After running these, Angular CLI will open your browser at localhost:4200 and you will see a page like this:

Scaffolding Angular app - the welcome page

Developing Frontend Apps with Angular

To make the article easier to grasp, first, you are going to develop an Angular app that doesn't interact with your backend API. After that, you will integrate it with both your Nest.js API and with Auth0 (so your users can authenticate).

Angular and Bootstrap

As you don't want to develop an ugly app and you don't want to invest too much time working on CSS either, you are going to use Twitter's Bootstrap to give some basic style to your app. To import bootstrap, stop the Angular development server and run the following command:

npm install bootstrap

Then, open the src/styles.css file and add the following line to it:

@import "bootstrap/dist/css/bootstrap.css";

Showing the Menu with an Angular Component

The first feature you are going to implement in your app is the view where unauthorized users can check what is in the menu. So, to do that, you are going to create a new Angular component by running the following code in the project root:

ng generate component items

After that, you will get a new folder called items with three main files (plus one for tests that you won't use):

  • items.component.css: This is the file where you may add some local style for your new Angular component.
  • items.component.html: This is the file where you are going to add the HTML code to structure your information.
  • items.component.ts: This is the file where you are going to place the code that controls the behavior of this component.

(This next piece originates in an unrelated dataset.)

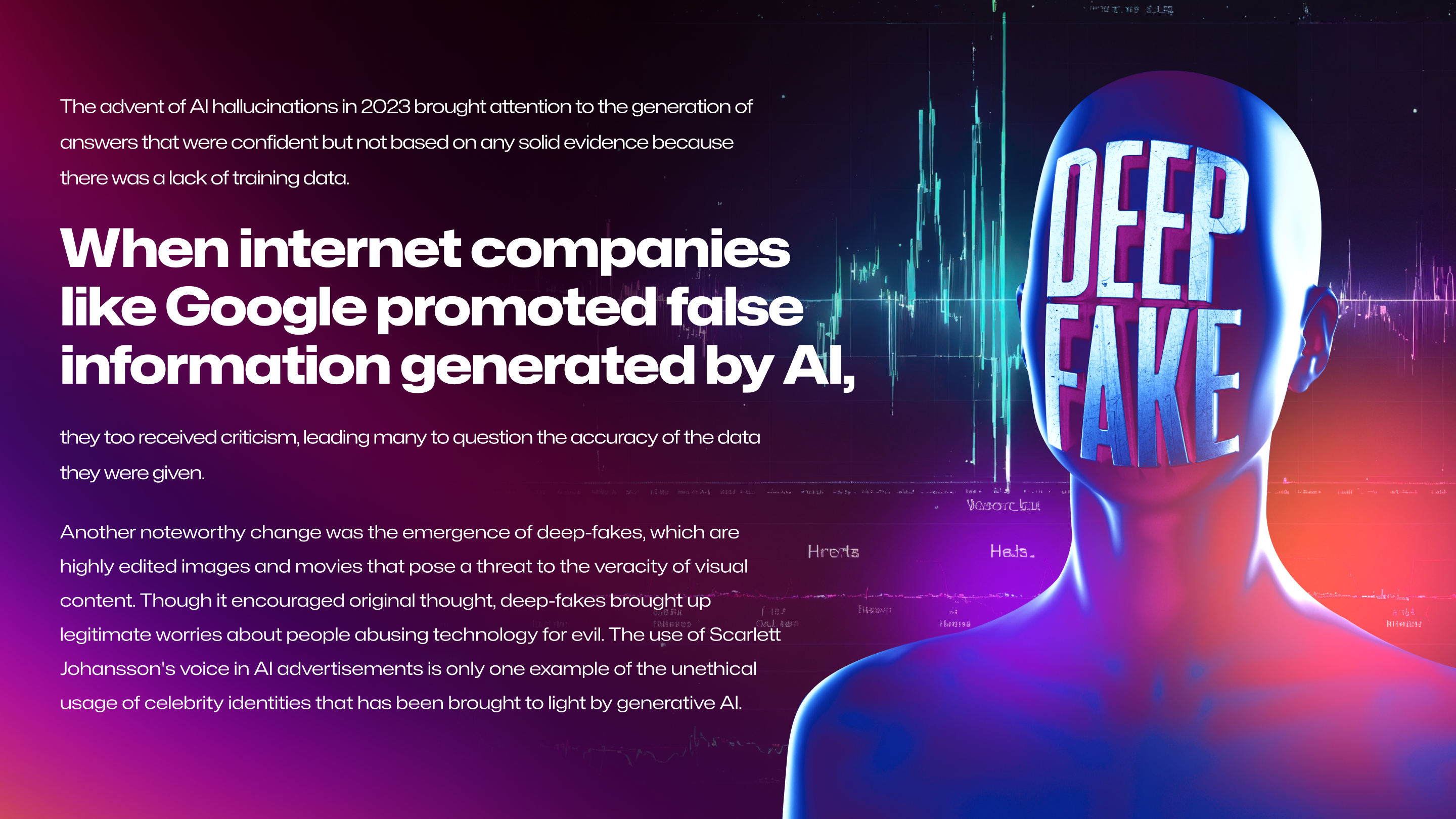Another noteworthy change was the emergence of deep-fakes, which are highly edited images and movies that pose a threat to the veracity of visual content. Though it encouraged original thought, deep-fakes brought up legitimate worries about people abusing technology for evil. The use of Scarlett Johansson's voice in AI advertisements is only one example of the unethical usage of celebrity identities that has been brought to light by generative AI.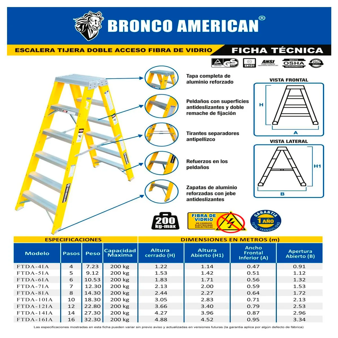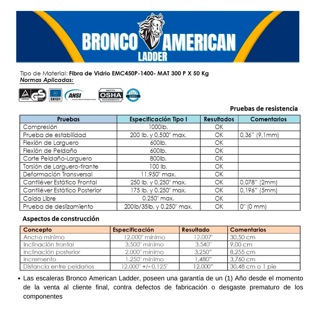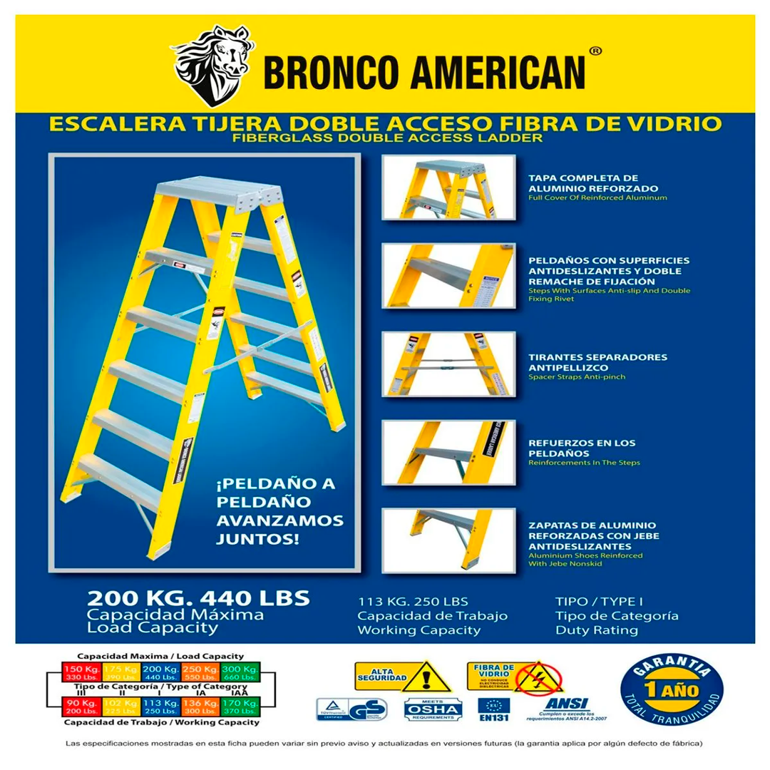 Sé el primero en valorar “Escalera Fibra de Vidrio Tijera Doble Ascenso de 14 Pasos Bronco American Ladder”

The next step will be creating an interface (the same that you have created in your Nest.js backend API) to present items on the menu. As both your projects (the Angular one and the Nest.js one) will exchange data with this structure, you have to define the same structure on both sides. So, create a new file called item.interface.ts under the ./src/app/items directory and add the following code to it:

export class Item {
  readonly name: string;
  readonly price: number;
}

Then, open the items.components.ts file and replace its contents with this:

import { Component, OnInit } from '@angular/core';
import { Item } from './item.interface';

@Component({
  selector: 'app-items',
  templateUrl: './items.component.html',
  styleUrls: ['./items.component.css']
})
export class ItemsComponent implements OnInit {
  items: Item [] = [{
    name: 'Pizza',
    price: 3
  },
  {
    name: 'Salad',
    price: 2
  }];
  constructor() { }

  addToCart() {
    window.alert('Added');
  }

  ngOnInit() {
  }
}

Basically, this version of the component is hard coding some items so you can see the view working. Also, this version is adding a fake addToCart method that simply confirms the action by triggering a window.alert with the Added message.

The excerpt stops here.